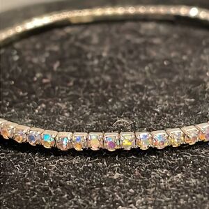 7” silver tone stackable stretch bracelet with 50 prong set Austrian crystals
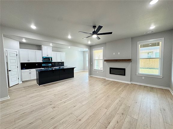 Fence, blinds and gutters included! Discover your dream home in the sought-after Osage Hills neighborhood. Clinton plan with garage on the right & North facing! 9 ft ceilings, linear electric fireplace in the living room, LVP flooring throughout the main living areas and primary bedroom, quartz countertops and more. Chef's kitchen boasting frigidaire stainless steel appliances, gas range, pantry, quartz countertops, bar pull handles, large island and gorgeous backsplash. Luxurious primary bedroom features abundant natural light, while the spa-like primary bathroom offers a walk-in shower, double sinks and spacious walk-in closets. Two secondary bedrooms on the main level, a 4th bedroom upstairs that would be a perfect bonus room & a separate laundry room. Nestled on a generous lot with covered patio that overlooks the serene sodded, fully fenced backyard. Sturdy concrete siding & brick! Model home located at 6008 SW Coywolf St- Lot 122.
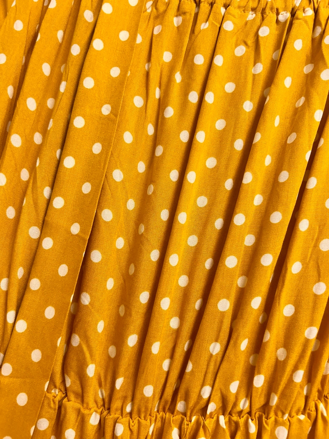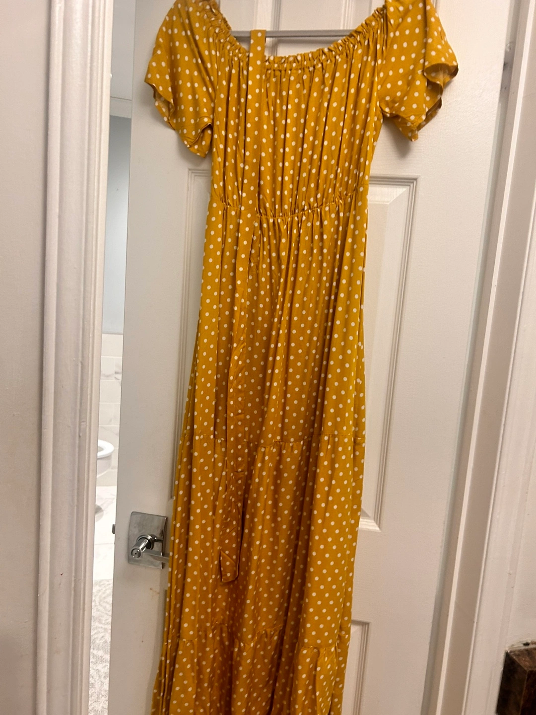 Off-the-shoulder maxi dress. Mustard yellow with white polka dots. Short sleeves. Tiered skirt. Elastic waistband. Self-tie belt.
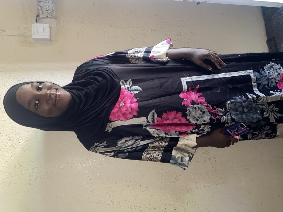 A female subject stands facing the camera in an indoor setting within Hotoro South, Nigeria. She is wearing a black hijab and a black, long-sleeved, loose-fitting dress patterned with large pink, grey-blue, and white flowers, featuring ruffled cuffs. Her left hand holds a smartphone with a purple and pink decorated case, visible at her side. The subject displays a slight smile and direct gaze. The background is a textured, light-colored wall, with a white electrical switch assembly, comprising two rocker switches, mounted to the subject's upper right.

→ **Exercise details**
Print the material in full and exactly; the pictures must not be printed.

→ **Response box**
 7” silver tone stackable stretch bracelet with 50 prong set Austrian crystals
 Fence, blinds and gutters included! Discover your dream home in the sought-after Osage Hills neighborhood. Clinton plan with garage on the right & North facing! 9 ft ceilings, linear electric fireplace in the living room, LVP flooring throughout the main living areas and primary bedroom, quartz countertops and more. Chef's kitchen boasting frigidaire stainless steel appliances, gas range, pantry, quartz countertops, bar pull handles, large island and gorgeous backsplash. Luxurious primary bedroom features abundant natural light, while the spa-like primary bathroom offers a walk-in shower, double sinks and spacious walk-in closets. Two secondary bedrooms on the main level, a 4th bedroom upstairs that would be a perfect bonus room & a separate laundry room. Nestled on a generous lot with covered patio that overlooks the serene sodded, fully fenced backyard. Sturdy concrete siding & brick! Model home located at 6008 SW Coywolf St- Lot 122.
 Off-the-shoulder maxi dress. Mustard yellow with white polka dots. Short sleeves. Tiered skirt. Elastic waistband. Self-tie belt.
 A female subject stands facing the camera in an indoor setting within Hotoro South, Nigeria. She is wearing a black hijab and a black, long-sleeved, loose-fitting dress patterned with large pink, grey-blue, and white flowers, featuring ruffled cuffs. Her left hand holds a smartphone with a purple and pink decorated case, visible at her side. The subject displays a slight smile and direct gaze. The background is a textured, light-colored wall, with a white electrical switch assembly, comprising two rocker switches, mounted to the subject's upper right.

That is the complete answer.